Creo en Jesús crucificado porque su cruz representa, por una parte, todo el sufrimiento de la humanidad y, por otra, el triunfo definitivo de Dios sobre la muerte. Cuando contemplo a Jesús crucificado veo en su rostro el rostro de los millones de personas para las cuales la vida ha sido una condena y no una existencia amable. Jesús ha descendido a la fosa en la que yacen quienes fueron ignorados, vejados, violados, torturados, masacrados… Se ha adentrado en el misterio de la injusticia, la soledad, la angustia, el sinsentido, la culpa y el pecado. Ha buceado en el espacio del no-Dios más que cualquier ateo de la historia. Ha sentido en carne propia el abandono de su Padre como lo sienten quienes reniegan de Dios porque creen que no se ocupa de su dolor. No ha dejado ningún sufrimiento humano fuera de su alcance. Se ha hecho cargo de todos. Los ha asumido por amor hasta terminar derrotado por ellos. Solo entonces ha mostrado que en el territorio del no-Dios, del sinsentido y de la nada, Dios estaba presente como Padre amoroso que no permite que su hijo acabe aniquilado por la muerte, sino que lo devuelve a la vida. Contemplar al Cristo crucificado es ver en él al Resucitado. La cruz es, al mismo tiempo, patíbulo y trono, tumba y pista de despegue, lugar del no-Dios y manifestación suprema del amor de Dios.

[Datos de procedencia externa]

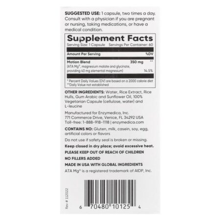 Enzymedica Magnésio Movimento 60 Cápsulas – Enzymedica Suplementos Minerais Magnésio.
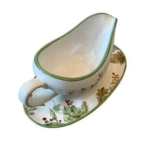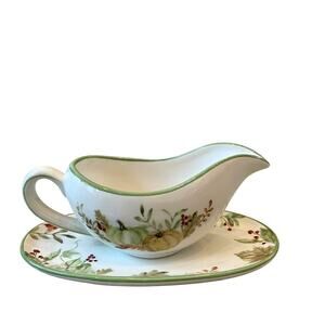 POTTER'S STUDIO Gravy Boat & Underplate Ceramic Fall Thanksgiving Serveware New
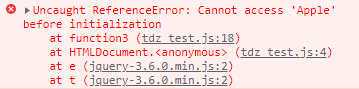 function function3() { (new Apple()).color(); class Apple { constructor() { } color() { console.log('red!'); } } } => function3 함수 스코프 안에서 class 로 선언된 Apple 이 호이스팅(선언)은 되었지만 값이 초기화가 되기 전에 Apple 클래스를 사용하려 했기 때문에 에러가 발생함
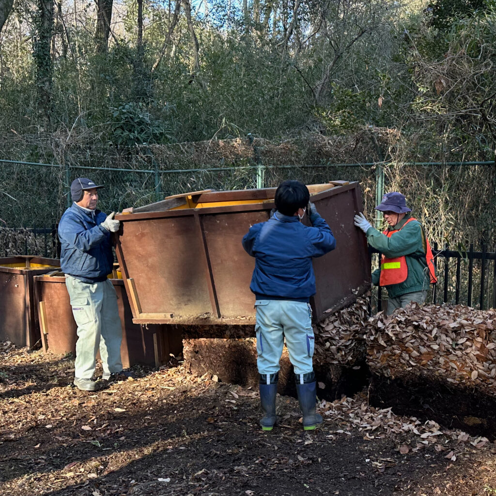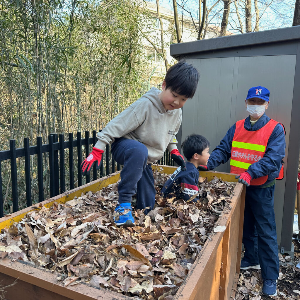 周辺の落葉を空になった落葉箱に投入。押し固めるのに楽しいふわふわのお手伝いも。
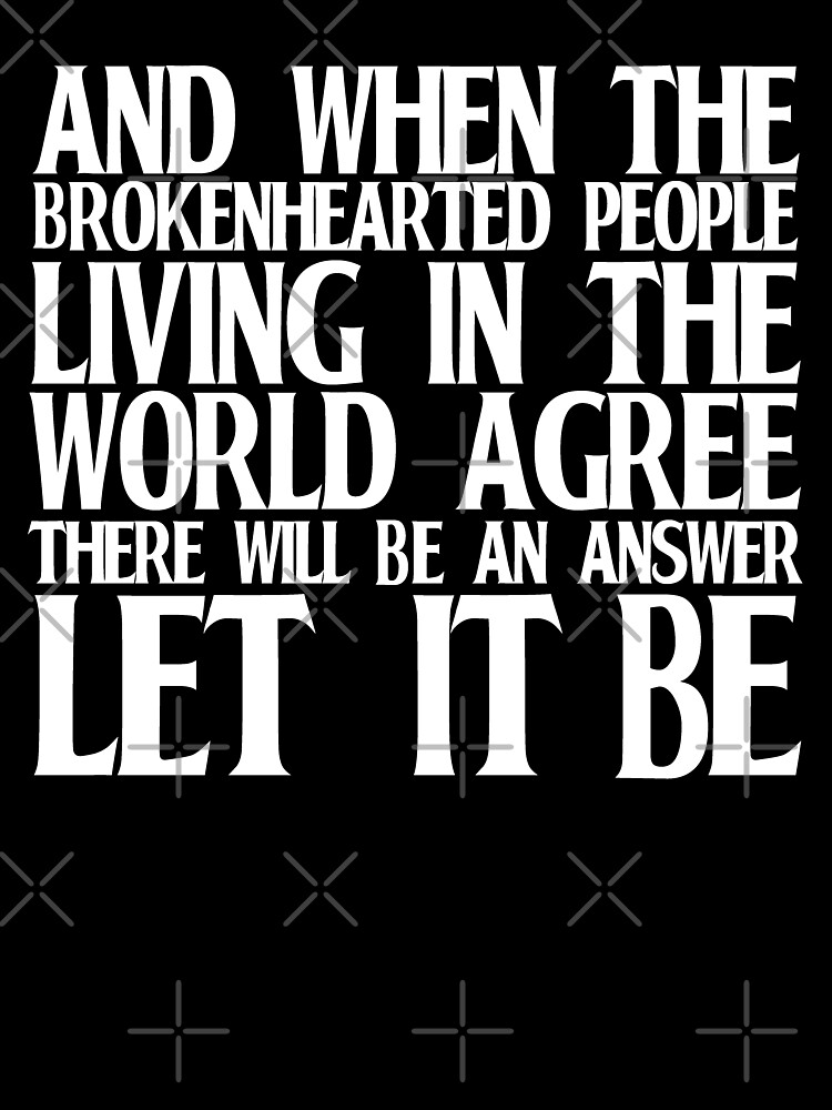 Let it be Let it be, let it be, let it be, let it be Whisper words of wisdom Let it be And when the brokenhearted people Living in the world agree There will be an answer Let it be For though they may be parted there is Still a chance that they will see There will be an answer Let it be Let it be, let it be, let it be, let it be Yeah, there will be an answer. / And this is the moment when I can be. Let it be, let it be Yeah there will be an answer, let it be Let it be, let it be, Let it be, let it be Yeah there will be an answer, let it be And though the night is cloudy, There is still a light that shines on me, Shine until tomorrow, let it be O, will I make up to the sound of music Mother Mary comes to me Speaking words of wisdom, let it be.
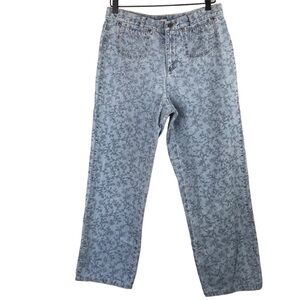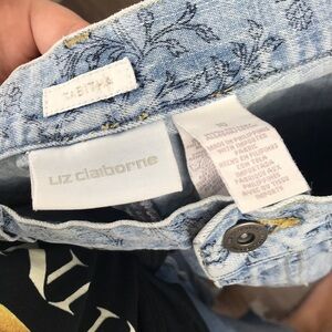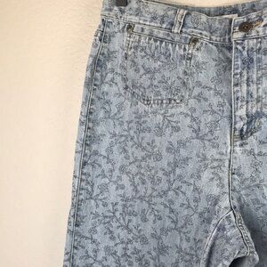 Vintage jeans from Liz Claiborne. 100% cotton. Light wash denim with black floral printed design. High rise. Straight leg. Rise 13 inches. Waist 16 inches flat. Inseam 25 inches
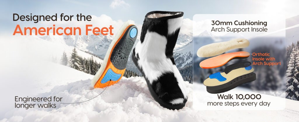 4、Exceptional Warmth & Comfort: Experience ultimate coziness with these fur snow boots, designed to keep your feet warm in cold weather without overheating. The soft interior feels like walking on clouds, offering all-day comfort whether you’re indoors or outdoors. Perfect for daily wear during winter months
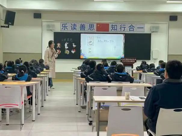 首先进行课堂展示的是实习生张一迪,与一年级六班同学展示课堂:第6课《比尾巴》。指导教师:文化大道小学孙传芹老师。
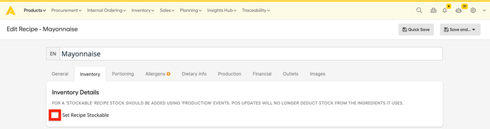 If the recipe is not set as a stockable recipe, then every time I sell a portion of “French Fries + Mayonnaise,” a fraction of the ingredients used to make the mayonnaise will be deducted from stock.

Confieso que me suele gustar la imagen del Buda sonriente, aunque a veces se me antoja un poco bobalicona. No tengo nada en contra de su meditación serena y compasiva, pero no percibo en ella la hondura existencial que veo en la cruz de Jesús. Me da la impresión de que Buda silencia el sufrimiento, mientras Jesús lo traspasa. No soy ningún experto en budismo, aunque he charlado bastante con un claretiano esrilanqués que estudió budismo desde niño porque hizo toda su educación primaria y secundaria en cingalés en una escuela budista. Con el budismo, sucede lo mismo que con todas las religiones o doctrinas. Una cosa es lo que uno lee en los libros y otra (no siempre coincidente) lo que lee en la vida cotidiana de quienes lo profesan. Por eso, más que a los libros, me gusta dirigirme a quienes han vivido en este ambiente desde niños y han respirado su espíritu. Solo ellos captan matices que se les escapan a los estudiosos más agudos.
Bueno, no sé si he conseguido responder a mi amigo costarricense, pero, por lo menos, lo he intentado. Espero que el poder magnético de la luna llena no haya distorsionado mucho lo que quería decir.